Member of the South Australian House of Assembly for Finniss
- Incumbent
- Assumed office 21 March 2026
- Preceded by: David Basham

Personal details
- Born: Papua New Guinea
- Party: Independent

= Lou Nicholson =

Australian politician

Louise Helene Nicholson is an Australian politician who has represented the district of Finniss in the South Australian House of Assembly since the 2026 state election. An independent politician, Nicholson previously stood for Finniss in 2022, and was elected to Alexandrina Council later that year. Her victory at the 2026 South Australian state election was noted by psephologist Antony Green for being the first time at an Australian state election that a candidate had won after finishing fourth on first preferences.

==Life and career==
Nicholson was born in Papua New Guinea.

A resident of Goolwa, South Australia, Nicholson first stood for office at the 2022 state election, contesting the district of Finniss as an independent candidate. She stated she was motivated to enter politics by the introduction of "no jab, no play" laws in the South Australian parliament, believing the law should be amended to exclude kindergartens, citing her background in occupational therapy and the importance of education in preventing developmental delay. Those laws, implemented in 2020, prevented childcare providers from enrolling children without up-to-date vaccinations.

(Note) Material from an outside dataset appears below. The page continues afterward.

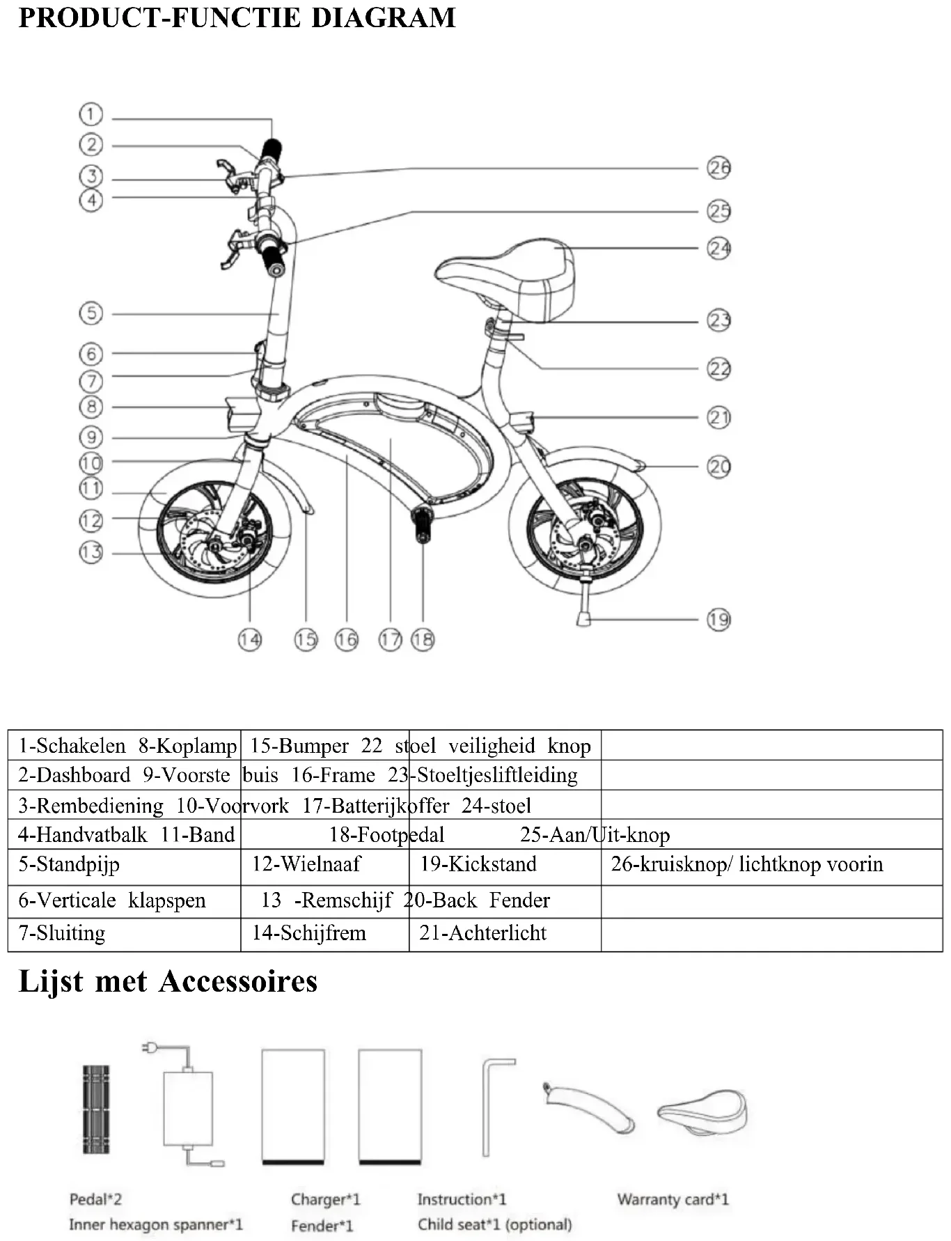 Grootte Materiaal Metaal Vouwgrootte 1020*200*720mm Vrijgegeven groottesizeVrijgegeven 1020*505*940mm Pedaal hoogte 200mm Naafmaat 12inch Pakketgrootte 1050*210*650mm Kleur Zwart Prestatie Gewicht 14kg Maximale belasting 120kg maximale snelheid 20km/h Kilometerstand 20±3km Bergop 15 graden Temperatuur -10~45°C Waterbestendig IP54 Normen Accu 6Ah Nominaal vermogen 250W Nominale spanning 36V Laadspanning DC42V Ingangsspanning AC100-220V Oplaadtijd 4H Kenmerken Cruise Ja Rem modus Schijfrem achter Zitplaats Verstelbaar Mand Optioneel Kinderzitje Optioneel Opmerking: veel factoren zullen van invloed zijn op de maximumsnelheid , zoals vermogen , belasting , bandenspanning , wegomstandigheden , ketting , smeergraad enz. De kilometerstand is gemeten op basis van de temperatuur 25°C , de belasting 60 kg , De snelheid 15-20 km/u , de gladde en harde weg , en van de volledige batterij naar de lege batterij. Het wordt ook onderworpen aan andere factoren , zoals rijgewoonten , temperatuur , belasting , bandendruk , wegomstandigheden, enz.VOORZICHTIGHEID Batterij en Opladen Oplading tussen 0 graden-45 graden, veel tussen -20 graden tot 60 graden, houd de batterij droog. Stop het niet in zuur en alkaliniteit vloeistof. Geen regen, vuur en hitte. Zet de batterij niet positief en negatief verkeerd. Beschadig de batterij niet of gebruik de verkeerde adapter. Reken het niet meer dan 6 uur aan en reken het niet meer dan 2A. Als u de batterij lang niet gebruikt, zet de batterij dan op een droge en koele plaats en laad deze 3 uur om de 2 maanden op. Volg de instructies of de gebruiker is verantwoordelijk voor de gevolgen. Paardrijden Lees eerst de instructie om de prestaties van het product te kennen. Leen het niet aan iemand die het niet kent. Draag een helm als je rijdt. Volg de verkeersregels en rijd niet op de autoweg.Niet op de drukke weg rijden. Bij afdaling of gladde weg moet de snelheid minder dan 15 km/u zijn. Controleer de band vóór het rijden, de bandenspanning moet 35-45PSI zijn. Niet over de motor heen slaan, hou de bijl glad. Niet overbelasten.(Maximale belasting is 120kg) Wees voorzichtig met het toevoegen van afstand wanneer het onder de regenachtige dag en sneeuwdag. Rijden met één hand is verboden. Onderhoud De e-scooter voor-en achterwiel moet in het midden van het frame. Zet de e-scooter op na het rijden op een koele en droge plaats. Controleer de Motor en rem vaak, injecteer de olie niet op de rem. Controleer de e-scooter en schroeven en plaatsen die moeten worden gerepareerd, vaak repareren. Voorgestelde torsie: schroeven 60-80kgf.cm, staafschroeven 175-200kgf.cm, wielschroeven 320-450kgf.cm. Controleer of de band doorboord is en lek lucht, neem contact op met professionele technicus voor reparatie en vervanging.

Standing against sitting Liberal member David Basham, Nicholson initially held a lead over Basham on election night, but pre-poll ballots put Basham ahead of her, and he retained the seat by 343 votes in the final two-candidate-preferred count.

Following the 2022 election, Nicholson advocated alongside other independents for the state's election funding system to be reformed, arguing that independents faced a needlessly onerous and narrow timeframe to apply for public funding under the current laws. At the local elections later that year, she was successfully elected to Alexandrina Council, representing the Alexandrina West ward.

Nicholson stood for Finniss a second time at the 2026 state election, with Basham also running for re-election as the Liberal candidate. She stated that frequent leadership changes in the Liberal Party had "disappointed and disenfranchised" voters in Finniss, and said that she would focus her campaign on improved hospital and healthcare access. During the campaign, she stated that she observed a supporter of One Nation at a Fleurieu Peninsula polling booth improperly altering how-to-vote cards and adding that the issue was reported to the Electoral Commission.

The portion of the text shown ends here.